If I have to add a layer, I would advise sports with several people (via clubs). It’s a good way to meet new people, to have a new space without the boy to forget or to hang out with friends.
3. Get out
Ruminating in front of the super barman who’s making eyes at you is a lot less painful than being alone at home.
Seriously, even if you’re not more tempted by girlfriends, friends and parties, go ahead. Without expecting it to change your life, without forcing you to smile, but simply to be surrounded and have other topics of conversation around you.
4. Letting thoughts disappear
When we have negative thoughts like “I suck at crying like this for a man“, it is not uncommon for us to have a judgment about our negative thoughts and/or debate them. “I suck at thinking I suck” and/or “Yeah, but that guy was a jerk, but maybe if I hadn’t done that, I wouldn’t be in this situation. »
In itself, ruminations and negative thoughts are “normal” in times of breakdown. The ideal would be to learn to observe them as if they were external. To simply let them pass right through us without stopping from above.
Easy to say, the effort is more important on a daily basis because it requires frequent repetition, but it helps to avoid “ruminations” on “ruminations”.
5. Refocusing attention
At times you have to say stop, to be violent to ourselves. Thoughts begin, they flow, becoming darker and darker… When you can, the best thing to do is to say “stop” and refocus your attention on what you are doing (or take a good book…).
Many of our ruminations are incidental. They allow us neither to better understand our history (for that, there is the love balance sheet that one can make after a break-up), nor to be well (these ruminations are rarely positive). It’s good to know that our self-flagellations won’t bring us anything.
6. Making projects
When you break up, it’s like sealing off a room in a house. It’s become uninhabitable. There will inevitably be a time of work, a time of work fatigue, and it will be unpleasant to stay in it for too long. But there are other rooms, other things that simply have nothing to do with love.
There’s this novel project with notes here and there on our PC. There’s this desire to learn about the boat that we’ve been dreaming about since childhood. There’s the desire to get this job that took us almost 5 years of study! There’s the family and friends with whom it would be cool to take a house in the country to party for a weekend.
Of course, the room is doomed.
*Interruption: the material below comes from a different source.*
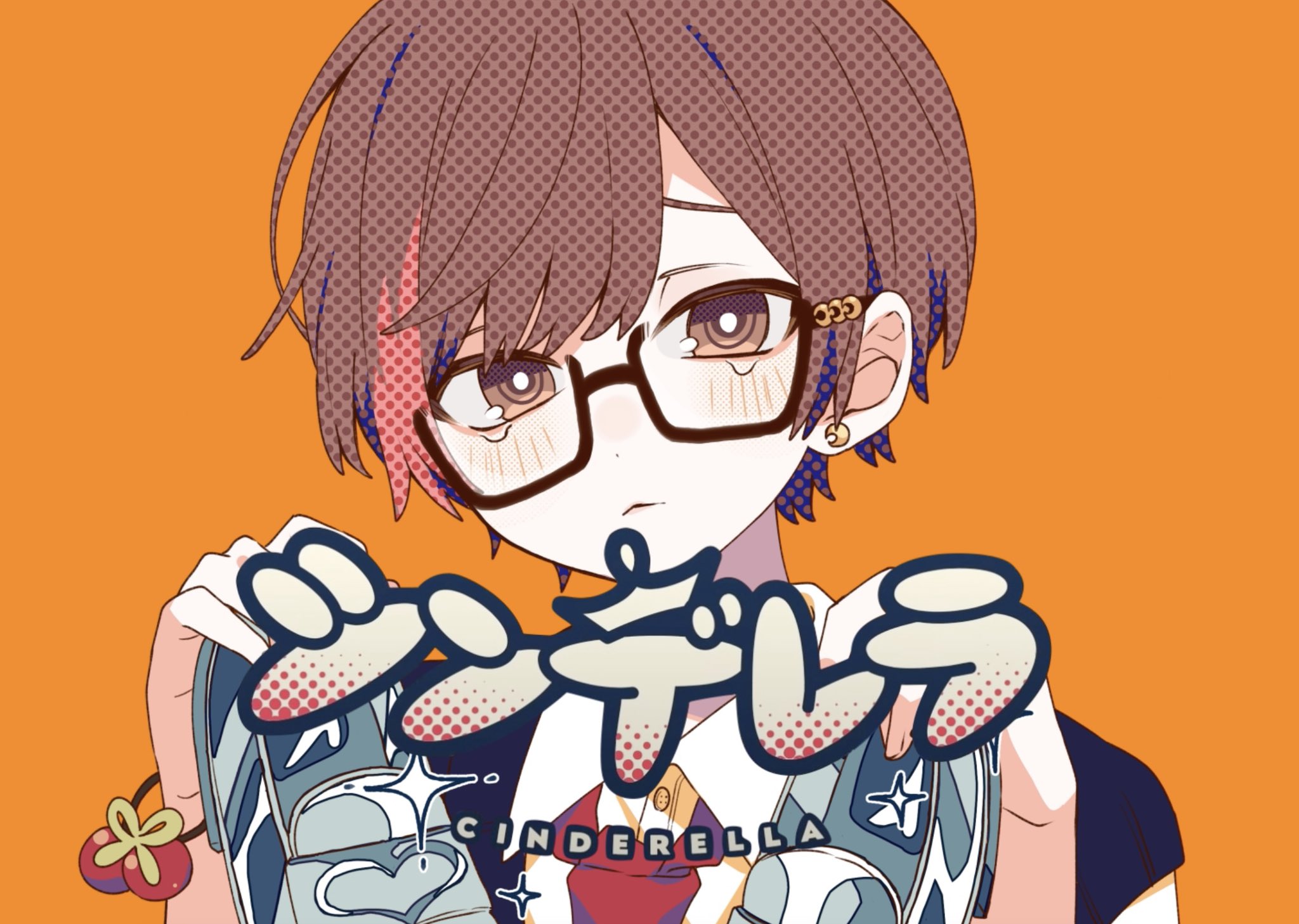 1girl brown_eyes brown_hair cinderella_(vocaloid) commentary_request glasses highres holding holding_shoes holding_unworn_clothes indie_utaite looking_at_viewer loose_necktie necktie official_art orange_background original red_necktie second-party_source shiroko_(purinkirin) shirt shoes short_hair simple_background solo song_name tears unworn_shoes vocaloid white_shirt wing_collar

Of course, that part of us is painful, but is that a reason to stay there. Do we have to work on it 20 hours a day without taking advantage of the other spaces that are offered to us?
The same goes for ruminations. Of course a separation opens up questions, pain and a real work of mourning, and all this is good for the crossing of dark thoughts. But the best way to go through them is still to nourish oneself with life, its strange path and the potential for future happiness.